### How to complete this task:
Transcribe the listing in full, excluding any pictures.
"""
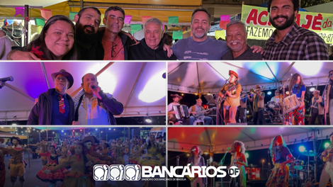 Na noite que marcou o início do inverno, dia 21, uma sexta-feira, o Sindicato realizou na Praça do Cebolão, no Setor Bancário Sul, a Festa Junina dos Bancários, reunindo a categoria e populares em um encontro regado a música popular brasileira, especialmente forró, apresentação de quadrilha e que contagiou de alegria todos que lá estavam.
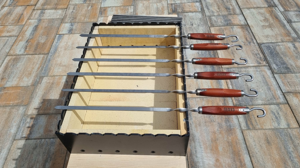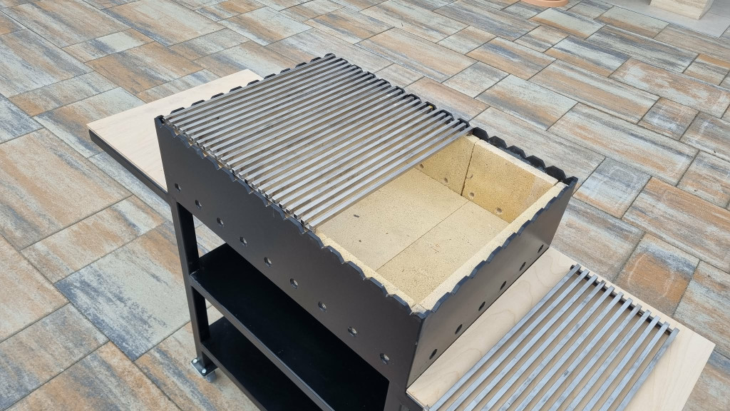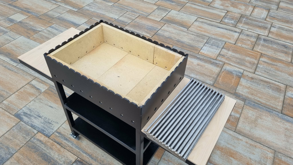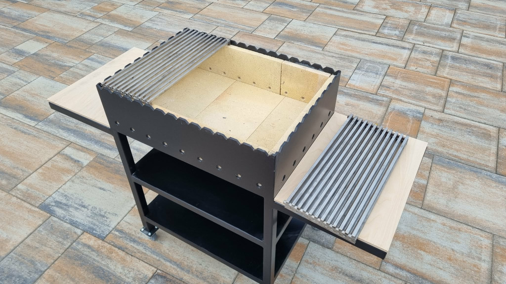 A tűztér 6mm-es lemezből készült, ami 2cm-es samottal van kirakva amely biztosítja a hosszan tartó égést, és a gazdaságos faszén használatot.
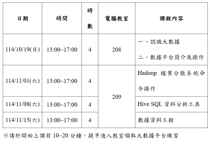為培訓學生具備大數據實務能力並參加相關競賽,特辦理培訓課程,歡迎踴躍報名!
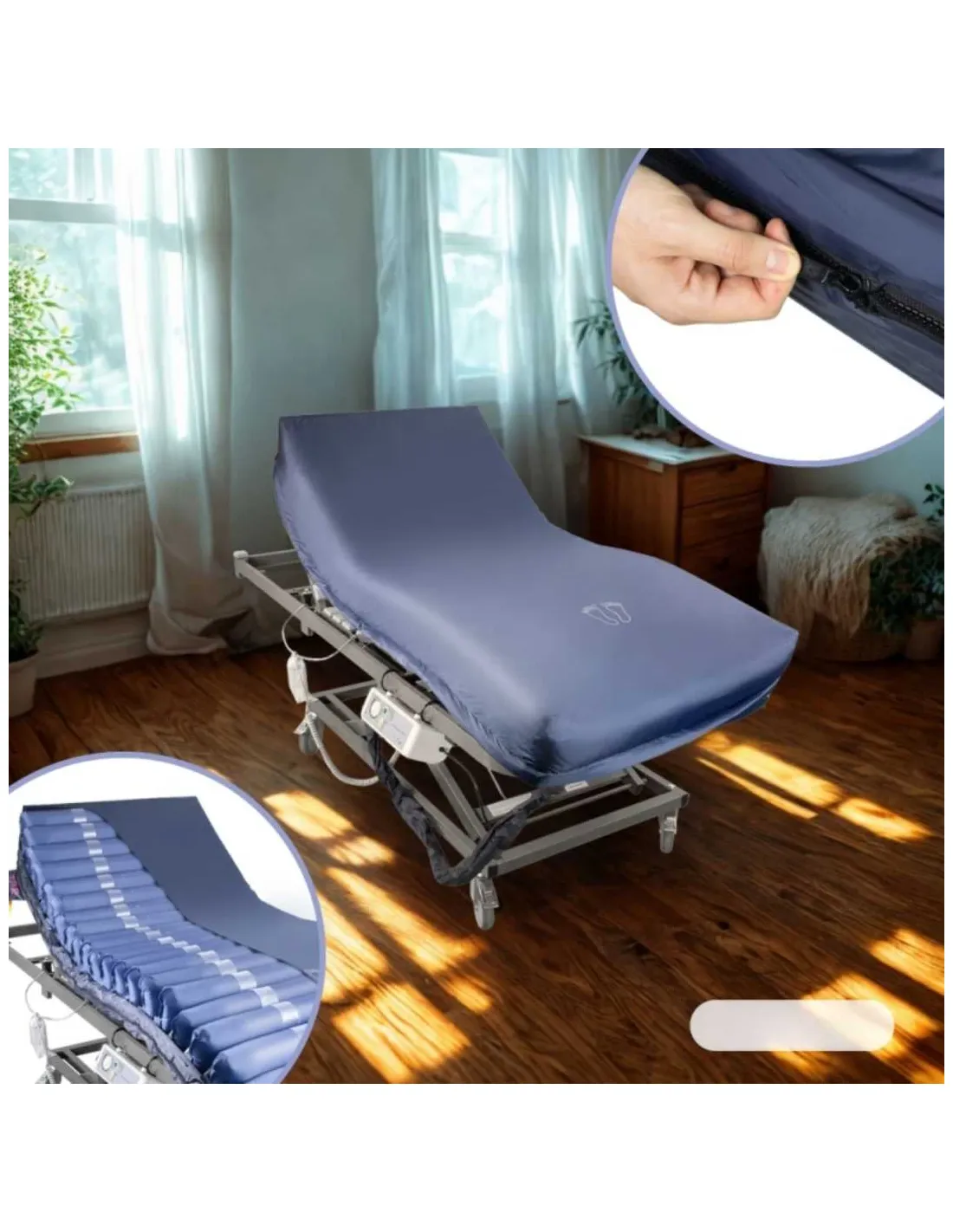 Es apto para cualquier cama, utilízalo en tu casa o en el hospital, te ayudará a descansar mejor. Su instalación es muy sencilla, se extiende sobre el colchón de aire para enfermos dejando los tubos a los pies de la cama para conectarlos al compresor silencioso que incluye.
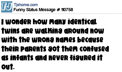 X I wonder how many identical twins are walking around now with the wrong names because their parents got them confused as infants and never figured it out.
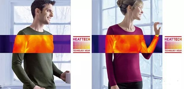 除了小黑傘,其實(shí)還有不少產(chǎn)品是通過熱像儀,用來測試和宣傳其產(chǎn)品的效果,把空洞抽象的文字轉(zhuǎn)變成直觀的展示效果。比如,在冬天很多服裝品牌都用紅外熱圖展示其服裝的防寒保暖效果。
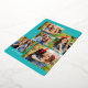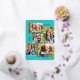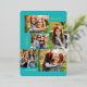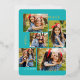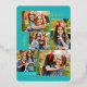 This stylish five photo collage Christmas card features modern typography reading, PEACE, JOY, and LOVE in real gold foil over an aqua coloured background (the colour can be customised to any colour you'd like). The back of the card contains a matching faux foil Christmas trees pattern over a custom colour background (shown in white).
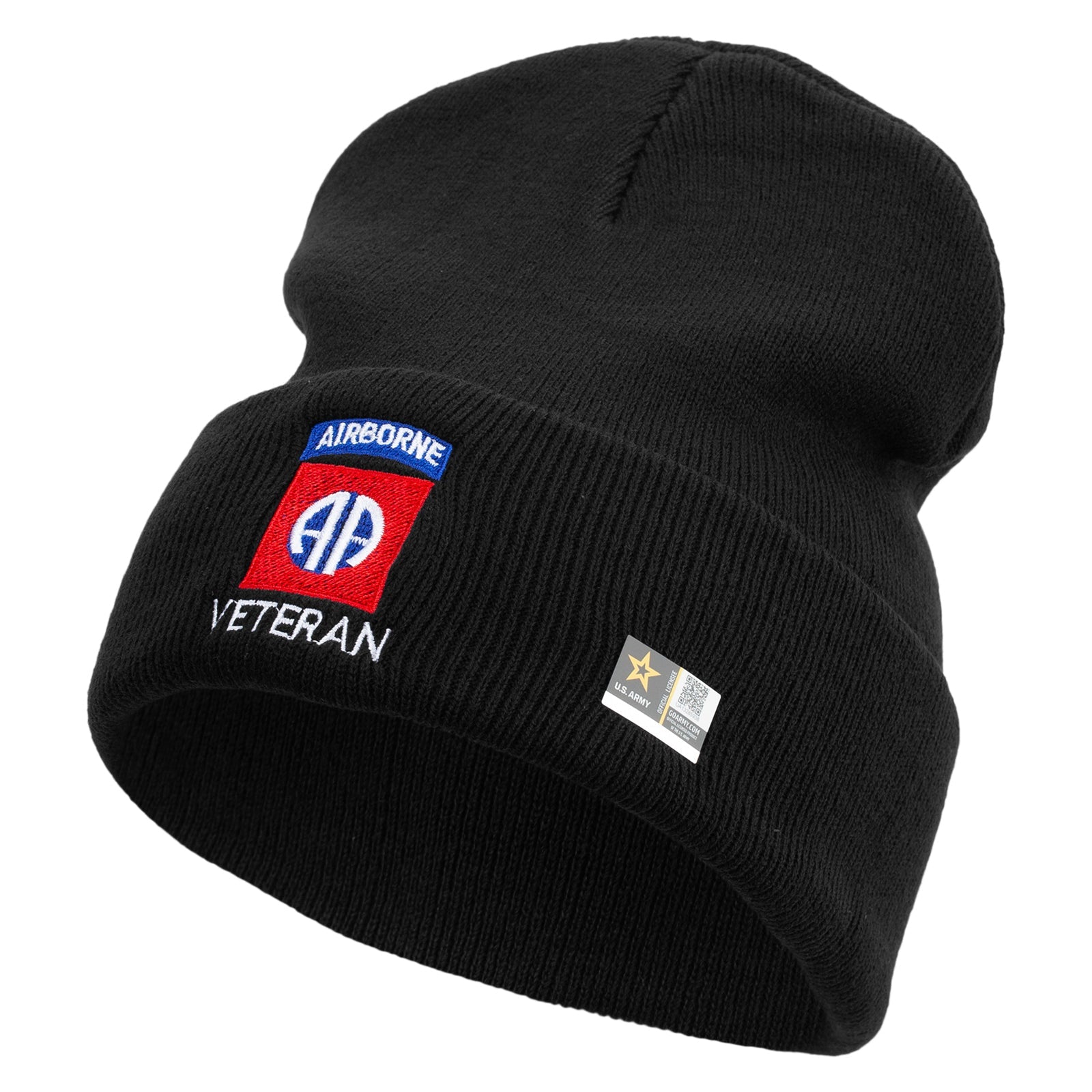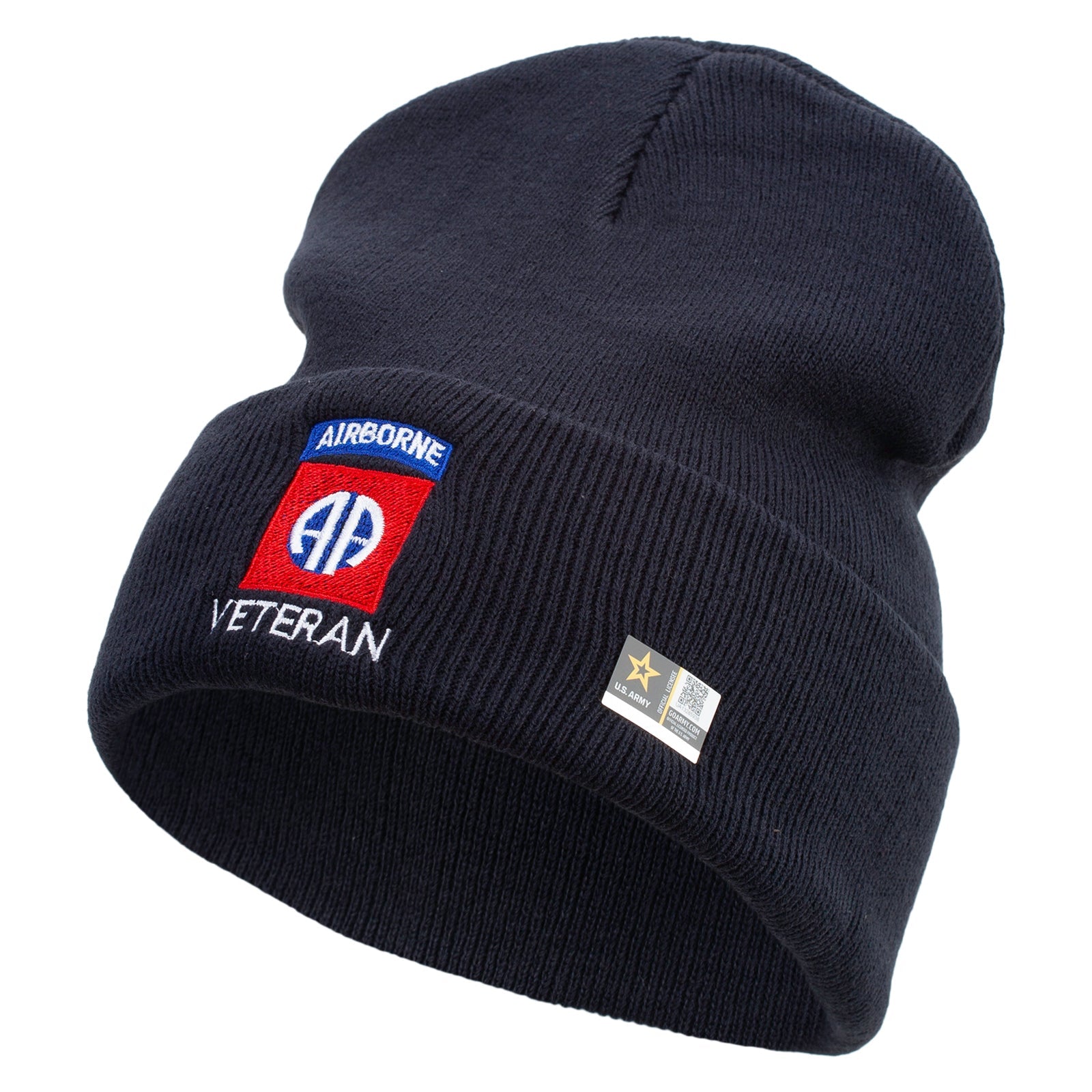 Title, Licensed 82nd Airborne Veteran Embroidered 12 Inch Long Knitted Beanie
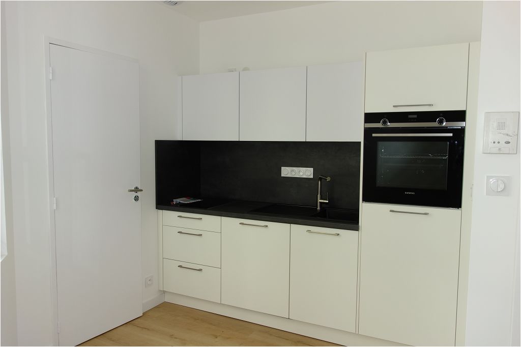 cuisine ouverte aménagée équipée (four, hotte, plaques, frigo, LV), une chambre avec placard, salle d’eau avec wc, cave,
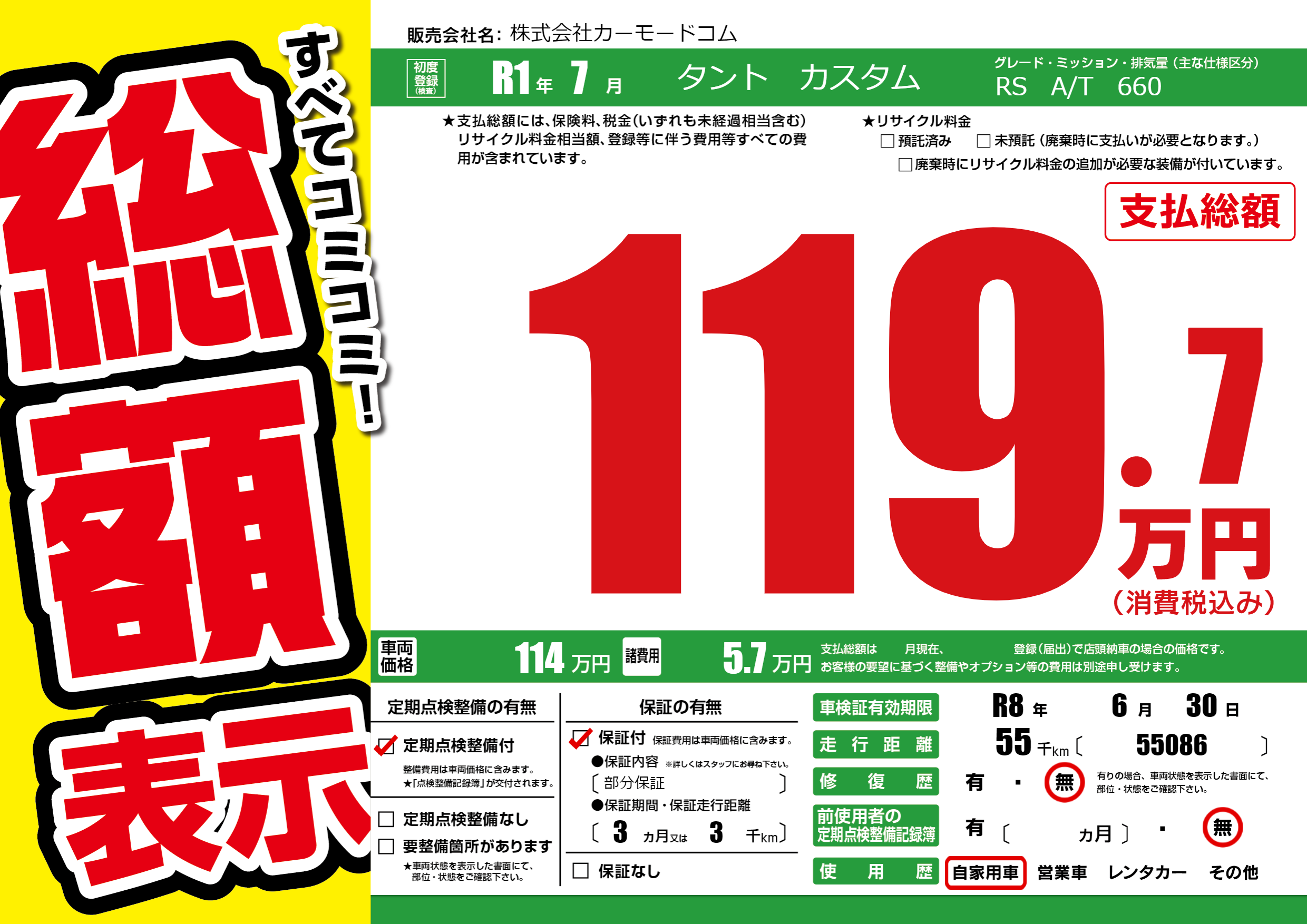 なし | 車検制限 | R8年6月30月 |
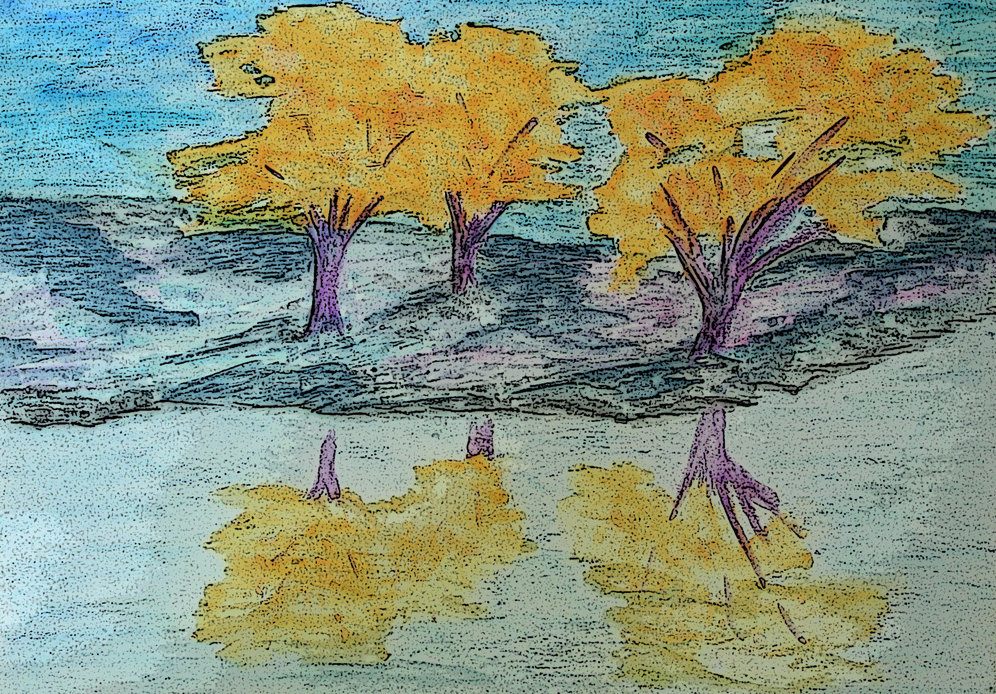 It summed up what I had been trying to achieve with the edited photos. The first one I tried had some of the bright colours, and the water ripples gave the ‘texurey’ look of the Fauvist style brush strokes, but I felt like I need to try a different photo. This is the one I started with:
"""
### Exercise answer:
 Na noite que marcou o início do inverno, dia 21, uma sexta-feira, o Sindicato realizou na Praça do Cebolão, no Setor Bancário Sul, a Festa Junina dos Bancários, reunindo a categoria e populares em um encontro regado a música popular brasileira, especialmente forró, apresentação de quadrilha e que contagiou de alegria todos que lá estavam.
 A tűztér 6mm-es lemezből készült, ami 2cm-es samottal van kirakva amely biztosítja a hosszan tartó égést, és a gazdaságos faszén használatot.
為培訓學生具備大數據實務能力並參加相關競賽,特辦理培訓課程,歡迎踴躍報名!
 Es apto para cualquier cama, utilízalo en tu casa o en el hospital, te ayudará a descansar mejor. Su instalación es muy sencilla, se extiende sobre el colchón de aire para enfermos dejando los tubos a los pies de la cama para conectarlos al compresor silencioso que incluye.
 X I wonder how many identical twins are walking around now with the wrong names because their parents got them confused as infants and never figured it out.
 除了小黑傘,其實(shí)還有不少產(chǎn)品是通過熱像儀,用來測試和宣傳其產(chǎn)品的效果,把空洞抽象的文字轉(zhuǎn)變成直觀的展示效果。比如,在冬天很多服裝品牌都用紅外熱圖展示其服裝的防寒保暖效果。
 This stylish five photo collage Christmas card features modern typography reading, PEACE, JOY, and LOVE in real gold foil over an aqua coloured background (the colour can be customised to any colour you'd like). The back of the card contains a matching faux foil Christmas trees pattern over a custom colour background (shown in white).
 Title, Licensed 82nd Airborne Veteran Embroidered 12 Inch Long Knitted Beanie
 cuisine ouverte aménagée équipée (four, hotte, plaques, frigo, LV), une chambre avec placard, salle d’eau avec wc, cave,
 なし | 車検制限 | R8年6月30月 |
 It summed up what I had been trying to achieve with the edited photos. The first one I tried had some of the bright colours, and the water ripples gave the ‘texurey’ look of the Fauvist style brush strokes, but I felt like I need to try a different photo. This is the one I started with:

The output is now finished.